Tuesday, October 15, 2019

Adventures in Data Science: Progress

While brushing up on the algebra skills required for this Machine Learning course, I finished  "Logic and Computational Thinking" from Microsoft on EdEx.
I really enjoyed this course and so chose to go a little deeper with the IBM Data Science Professional Certificate, on Coursera.




The certificate consists of 9 courses, (I'm currently on #8) and so far I've learnt a lot about programming in python, data science methodology, SQL, databases, regression analysis, model evaluation and machine learning algorithms. The 7th course was "Data Visualisation with Python" and among other things I was able to turn raw data on 2016 crime rates in San Francisco into the Chloropleth Map below; so satisfying!
You can see the code for the data analysis and map creation on my Github here.
Raw crime data

Chloropleth map showing crime rates in San Francisco in 2016




Learning about data science and programming online has been the perfect mental stimulant for me while I negotiate the joyous yet tiring demands of being a new parent. The way the courses operate, I'm able to watch lectures and complete labs during naps, and complete longer assignments on the weekend. Having a tangible sense of progress and achievement in a new field has been really valuable to my sense of self, especially on the days when baby care seems all consuming.


Course certificate for Data Visualisation with Python






Once I finish this certificate, I think I'll focus on machine learning and a deep dive into python programming, so watch this space. If you're also getting into data science I would love to hear about what you're learning, the platforms you're using and what your goals are.

Friday, July 6, 2018

Back to basics.

As I suspected, I totally need to go back and brush up on my algebra skills in order to get the most out of the Machine Learning course.

Many data science sources online recommends Khan Academy as a wonderful (and free) way of learning the basics required for the course, so that's where I will start.

Wish me luck!

Thursday, July 5, 2018

Baby Steps: starting out in Data Science

Hello!

I am 38 weeks and 3 days pregnant today, and have been on maternity leave for two and a half blissful weeks.

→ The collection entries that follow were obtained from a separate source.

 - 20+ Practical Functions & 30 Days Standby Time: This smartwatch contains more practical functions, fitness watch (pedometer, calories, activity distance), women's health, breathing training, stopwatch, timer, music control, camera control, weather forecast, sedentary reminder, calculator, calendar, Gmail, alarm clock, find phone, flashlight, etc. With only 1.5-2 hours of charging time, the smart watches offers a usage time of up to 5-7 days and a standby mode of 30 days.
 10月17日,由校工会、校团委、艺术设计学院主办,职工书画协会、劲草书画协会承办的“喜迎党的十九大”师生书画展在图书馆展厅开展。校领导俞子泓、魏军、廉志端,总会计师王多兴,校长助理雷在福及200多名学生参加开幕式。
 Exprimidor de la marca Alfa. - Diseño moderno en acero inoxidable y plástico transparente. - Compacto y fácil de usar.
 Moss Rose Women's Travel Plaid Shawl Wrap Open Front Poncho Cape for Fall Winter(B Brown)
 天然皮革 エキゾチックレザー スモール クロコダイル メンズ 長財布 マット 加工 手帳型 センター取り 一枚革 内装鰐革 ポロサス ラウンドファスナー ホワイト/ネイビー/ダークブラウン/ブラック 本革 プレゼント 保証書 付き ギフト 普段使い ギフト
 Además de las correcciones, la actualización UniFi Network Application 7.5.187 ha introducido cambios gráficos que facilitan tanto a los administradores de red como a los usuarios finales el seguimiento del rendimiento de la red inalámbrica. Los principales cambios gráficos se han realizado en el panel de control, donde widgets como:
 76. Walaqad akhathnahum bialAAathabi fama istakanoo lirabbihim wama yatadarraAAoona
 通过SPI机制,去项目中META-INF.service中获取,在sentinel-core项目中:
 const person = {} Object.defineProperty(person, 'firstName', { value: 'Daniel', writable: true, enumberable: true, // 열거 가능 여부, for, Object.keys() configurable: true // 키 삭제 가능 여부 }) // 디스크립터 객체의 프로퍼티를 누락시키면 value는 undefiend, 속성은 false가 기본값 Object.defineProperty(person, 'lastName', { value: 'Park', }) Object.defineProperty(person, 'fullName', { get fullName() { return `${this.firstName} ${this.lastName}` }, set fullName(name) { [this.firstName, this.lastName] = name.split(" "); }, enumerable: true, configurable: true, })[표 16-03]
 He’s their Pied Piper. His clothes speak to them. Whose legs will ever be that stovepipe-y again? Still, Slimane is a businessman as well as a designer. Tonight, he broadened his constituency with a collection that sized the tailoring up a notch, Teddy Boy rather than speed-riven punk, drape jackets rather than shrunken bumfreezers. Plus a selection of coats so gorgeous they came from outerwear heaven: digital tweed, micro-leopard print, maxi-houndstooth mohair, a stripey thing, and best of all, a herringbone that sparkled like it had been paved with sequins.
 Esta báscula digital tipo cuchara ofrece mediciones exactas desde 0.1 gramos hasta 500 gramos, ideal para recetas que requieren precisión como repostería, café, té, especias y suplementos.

I've taken 12 months maternity leave from my role as a Territory Manager in technical sales, and want to undertake some self-guided learning during this time, so that I can continue to grow professionally, whilst undergoing the huge life change that is having my first child.

In May, I finished the course 'Foundations of Data Science: Computational Thinking With Python' through the University of Berkeley on EdEx and loved the challenge of it, so I've decided to continue focusing my learning in the field of data science.

With this intention, yesterday I signed up to 'Machine Learning' by Stanford University, on Coursera. This is an 11 week course, but it's kept open for 6 months, so even if the timing doesn't work out around a newborn, I can switch into another stream.

I should note at this stage that the Data Science course I did in May was the first time I'd really touched any maths since I finished University 5 years ago, so I may well need to take some more math classes to get where I need to be with this Machine Learning course.

I thought I'd start a blog as a record of my learning process, both to keep myself motivated and so that I'd have something to look back on; to track the highs and lows of my progress.

Thus begins Math, Machines and Milk- wish me luck!